That is a cry for help
This woman has had enough of that mama
You should be telling her how to get the old woman to back off a little without going to Okija juju cheesy

20 Likes

Re: I Feel My Mother In Law Is Sooooooooooooo Into Our Lives by vanitty: 7:04am On Jun 19, 2013
You don't want advice, you just need to vent but you are obviously disturbed and you been unhappy will eventually affect your home.

In situation like this, please do not attempt to "complain" especially since hubby seems to be tied to his mother's wrapper or start some silly competition. (Me or her)

There are many ways to skin a cat I tell you, I will advice you to be in fact more involved, be in their "business" it will be awkward at first especially if you are not the in-your-face kind of person

If mama want her son to be reading three passages every night, you are her inherited daughter, open bible and start reading with husband.

If mama calls at unholy hours, after they have spoken, tell hubby to pass you the phone and talk to her as well.

If mama reminds you that she used to be the owner of the wardrobe, playfully tell her that hubby will have to buy another one niyen o because you are now part of the family.

You need to do everything "politely and respectfully" to let it sink in to both son and mama that you are now one, this is a process but you will see with time when she is assured that you are not "stealing" her son away she will relax and back down!

It is well, in-laws especially single mothers that suffered eh to train up their children, you have to deal with them diplomatically at times. It is not easy for them to just let go

8 Likes

Re: I Feel My Mother In Law Is Sooooooooooooo Into Our Lives by k2039: 7:17am On Jun 19, 2013
I'm sure you wanted someone to suggest you put rat poison in her food and that's what I'll suggest.

3 Likes

Re: I Feel My Mother In Law Is Sooooooooooooo Into Our Lives by Nobody: 7:26am On Jun 19, 2013

5 Likes

Re: I Feel My Mother In Law Is Sooooooooooooo Into Our Lives by biolabee(m): 7:39am On Jun 19, 2013
Are u in the same time zone with your MIL

Some mothers are burdened greatly to pray for their children due to visions or so... its just that that time will be bad for u

Do you know how many spiritual battles she has fought on theat boy - Untimely death is real

Somepeople are praying for mothers to be praying for them
Others complain their hubby no dey read bible or pray

U dey complain. ok o

Anyhow stop the prayer.. when the matter gbengen,,, na una for suffer am

I like this post

vanitty: You don't want advice, you just need to vent but you are obviously disturbed and you been unhappy will eventually affect your home.

In situation like this, please do not attempt to "complain" especially since hubby seems to be tied to his mother's wrapper or start some silly competition. (Me or her)

There are many ways to skin a cat I tell you, I will advice you to be in fact more involved, be in their "business" it will be awkward at first especially if you are not the in-your-face kind of person

If mama want her son to be reading three passages every night, you are her inherited daughter, open bible and start reading with husband.

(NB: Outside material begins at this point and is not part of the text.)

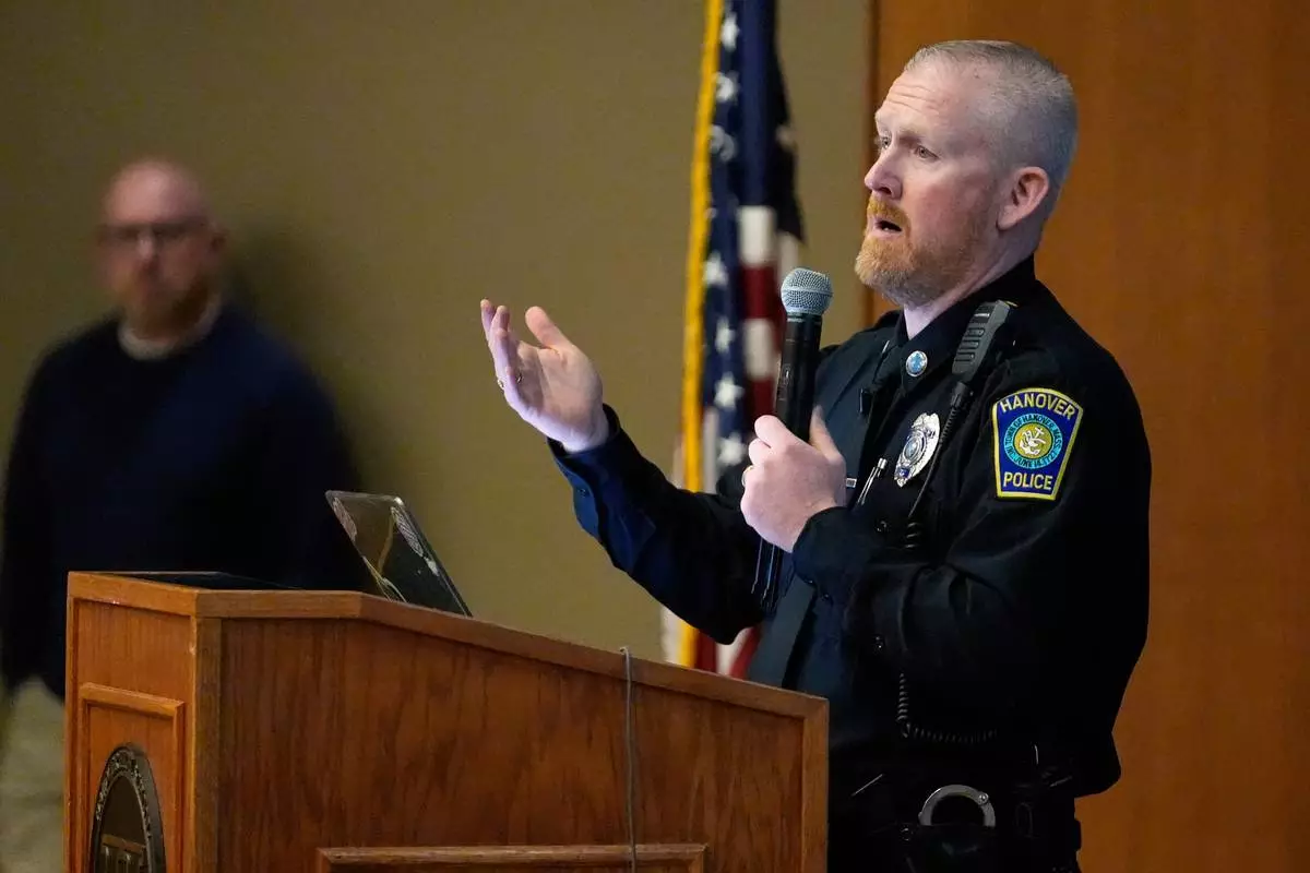 School Resource Officer John Voelkel speaks about ways to prevent school shootings during a presentation of Sandy Hook Promise's "Say Something" program at Hanover High School, Wednesday, March 25, 2026, in Hanover, Mass. (AP Photo/Robert F. Bukaty)
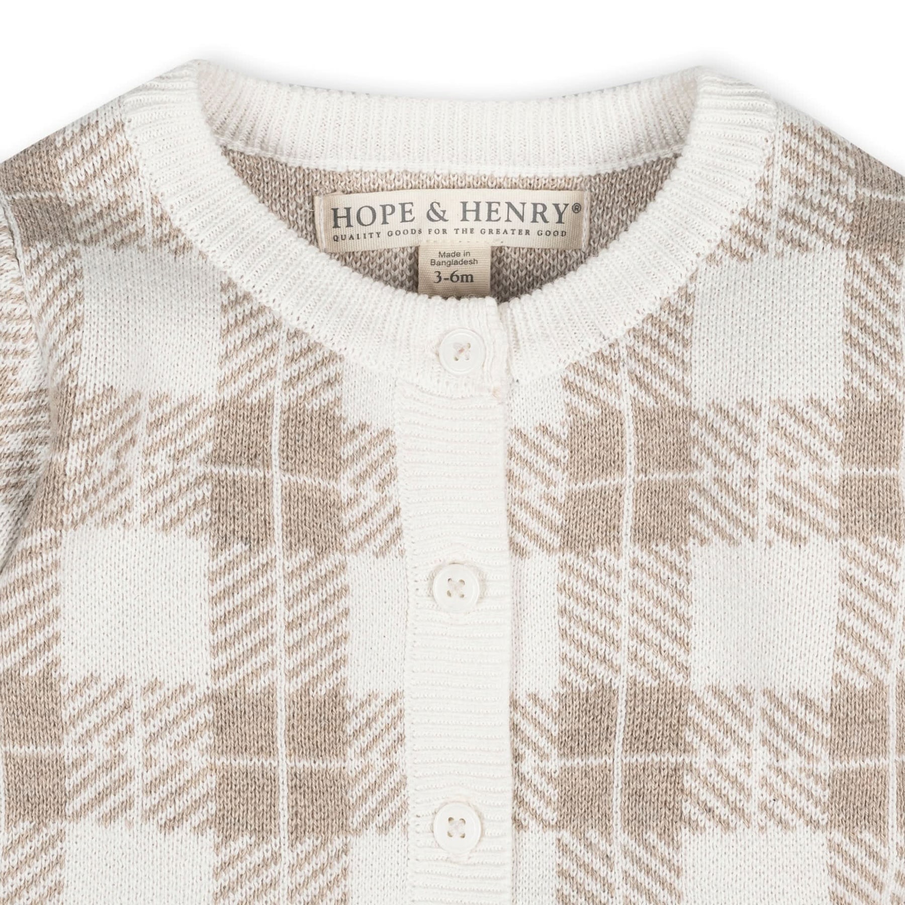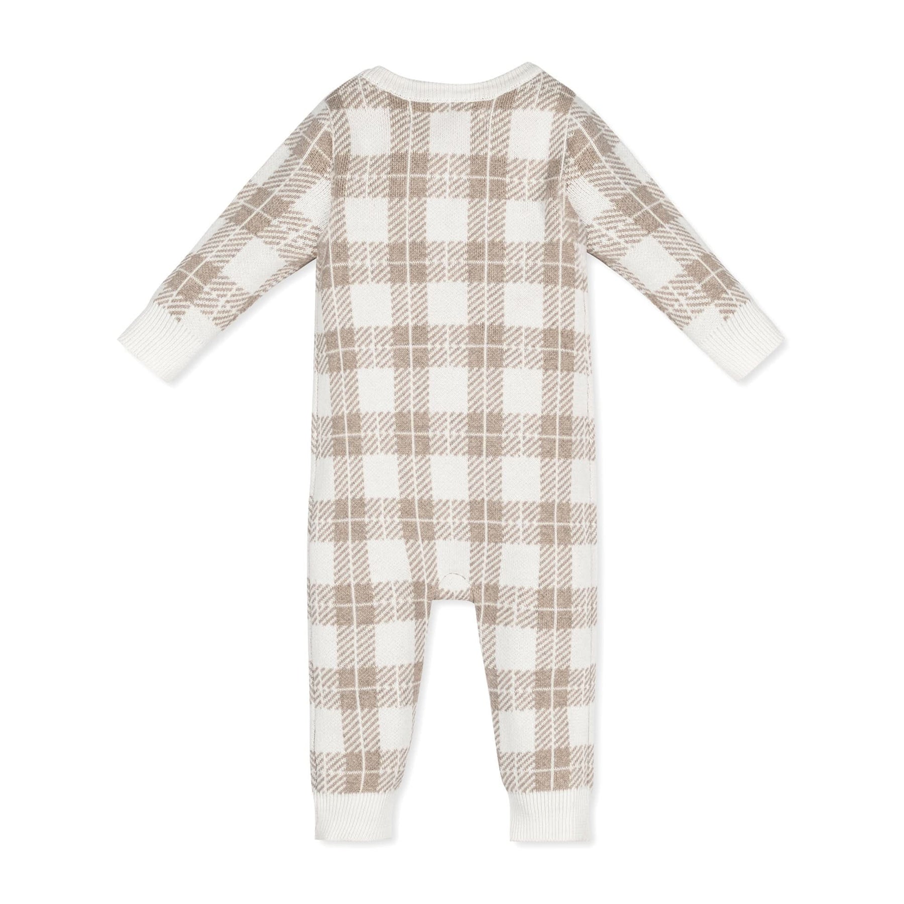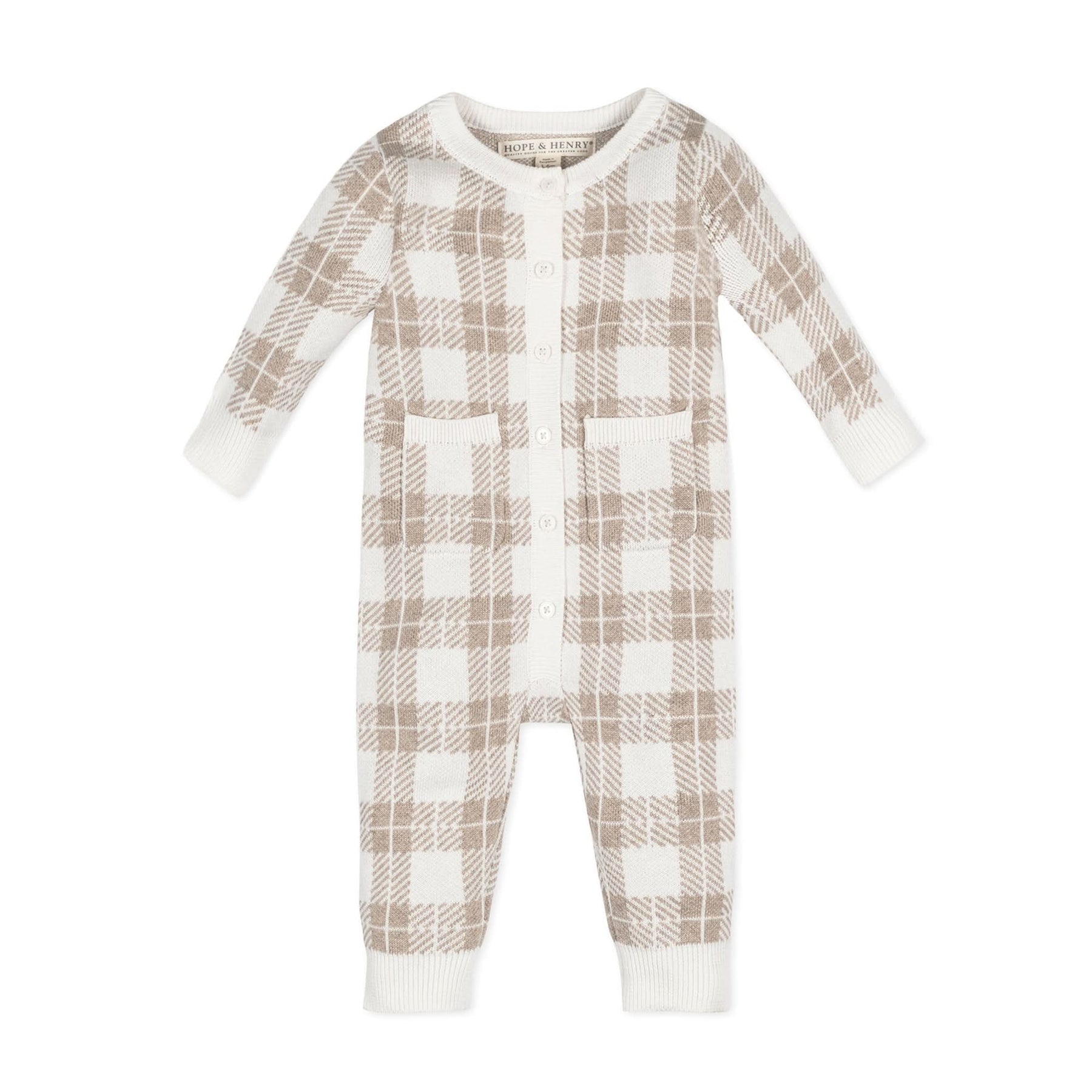 A soft and subtle plaid intarsia sets this sweater romper apart from the rest. Crafted from our luxuriously soft organic cotton, this one-piece features a button front center closure and front patch pockets. Stretchy rib trim makes for easy and comfortable dressing of your little one. Makes a great baby gift!

If mama calls at unholy hours, after they have spoken, tell hubby to pass you the phone and talk to her as well.

If mama reminds you that she used to be the owner of the wardrobe, playfully tell her that hubby will have to buy another one niyen o because you are now part of the family.

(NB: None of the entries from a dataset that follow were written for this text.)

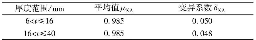 利用普通低合金鋼H型鋼的材性不定性數(shù)據(jù),把相關(guān)文獻中表3.14 的H型鋼材料強度的數(shù)據(jù)作為耐候H型鋼的材性數(shù)據(jù)(標準值比耐候鋼低10 MPa,是偏于安全的)。同時加入津西鋼廠試制耐候H型鋼的數(shù)據(jù),以及本次截面材性不均勻試驗和焊接工藝評定試驗的材性數(shù)據(jù),見表12。
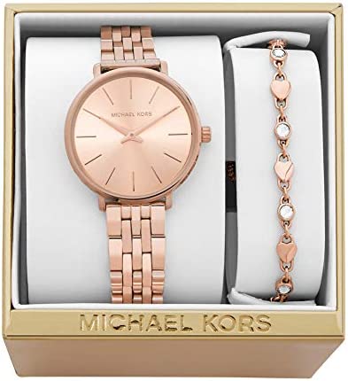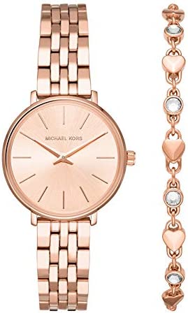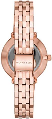 32mm case, 16mm band width, mineral crystal, Quartz movement with 2-hand analog display, imported -- Round stainless steel case, with a rose gold dial -- Rose Gold, stainless steel bracelet -- Water resistant up to 50m: Wearable while swimming in shallow water
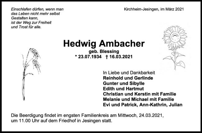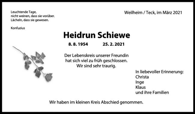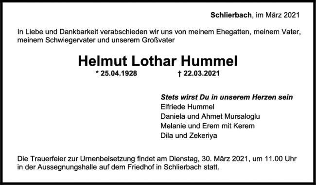 TodesanzeigeVon Benny Kuder21. März 2021Kommentar hinterlassen
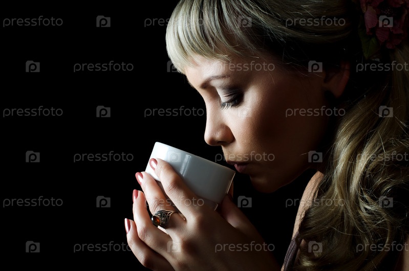 Прекрасная элегантная женщина с чашкой кофе

You need to do everything "politely and respectfully" to let it sink in to both son and mama that you are now one, this is a process but you will see with time when she is assured that you are not "stealing" her son away she will relax and back down!

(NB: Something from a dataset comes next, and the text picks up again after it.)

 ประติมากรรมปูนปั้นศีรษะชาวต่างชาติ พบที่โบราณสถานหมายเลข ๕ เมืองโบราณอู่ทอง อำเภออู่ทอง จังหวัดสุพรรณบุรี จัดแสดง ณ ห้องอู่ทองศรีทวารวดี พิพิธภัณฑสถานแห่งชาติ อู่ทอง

It is well, in-laws especially single mothers that suffered eh to train up their children, you have to deal with them diplomatically at times. It is not easy for them to just let go
Re: I Feel My Mother In Law Is Sooooooooooooo Into Our Lives by Babztemmy: 8:28am On Jun 19, 2013
Babz temmy: I feel my mother in law is soooooooooooooo into our lives nd i cant do anything about it, nd i dare nt discuss it with my hubby cos d last time i even mistakenly tried it i knew wat i went tru. Am ere to seek solace not even to receive advice cos at dis point i know advice wont change a thing. Am sad, am worried nd burnt in my spirit, My Mother in law wont leave her son to be nd her son wont leave her either, she cant do without him, he is her LASTBORN of four and d way she treats him, she obviously doesnt treat others like that. She calls him almost everyday just to hear his voice, i am typing dis at 3am cos i cant go back to sleep, her call woke me up,she few times calls at night(please i said few times) to ask him to read bible pAssages 3times, now i dnt even think its becos of d prayer. I think she just wants to hear his voice. She wants to know what he's doing. Where he is going.and so on. My people getting married to last borns now i see y sm of my friends dntgo dere. One of my aunty's once said if u marry a last born u marry d mama too. Dis is very true. I need prayers, i need solace, i need more of strength from above to handle this. As his second wife cos i know his mum is surely his first( i even dare not contest that). I need prayers to be able to share my hubby with his mum. Its not EASY. Anyways i av decided to go to d bathroom at dis unGodly hour nd get ready for work since i cant go back to sleep. Great day ahead u all. And for those in my shoes as well handling this well, make una give me tips abeg. Cos i desire to handle it well too.
I know a lot of people r ready to crucify me on dis ish, but note that am not saying he shouldnt love her, i am priviledged to av a dad, no mum. I cant rem d last time i spoke with him, and am his favourite, hurt me and dats wen u would see d love of a father, but he isnt into my life, he left me to see nd experience marriage without his interference, fine am a woman, but rem also d bible says " a MAN would leave his father and the mother and cleave to his wife".
I av heard what you all said and I must confess you all have spoken well, but obviously no one is in my shoes, no one knows its actually sweeter to read, easier to say, but acting it na serious work, watching ur mother inlaw treating your husband like her husband is highly irritating. Show ur son love, but appropraite it,which one is calling ur son 3times a day, its obsession,and d funniest thing is she doesn't treat d others like that, except my husband. D others don't take all this, you know d solution, one shouldn't just end up with mums dat her into their sons,its a very difficult life to pass tru, butam in it, I would live with it and kip praying for grace

2 Likes

Re: I Feel My Mother In Law Is Sooooooooooooo Into Our Lives by sholay2011(m): 8:34am On Jun 19, 2013
Greatgod2012, vanity and madam chaircover have said it all. That's the realistic solution to this problem if the OP still wants to preserve her marriage.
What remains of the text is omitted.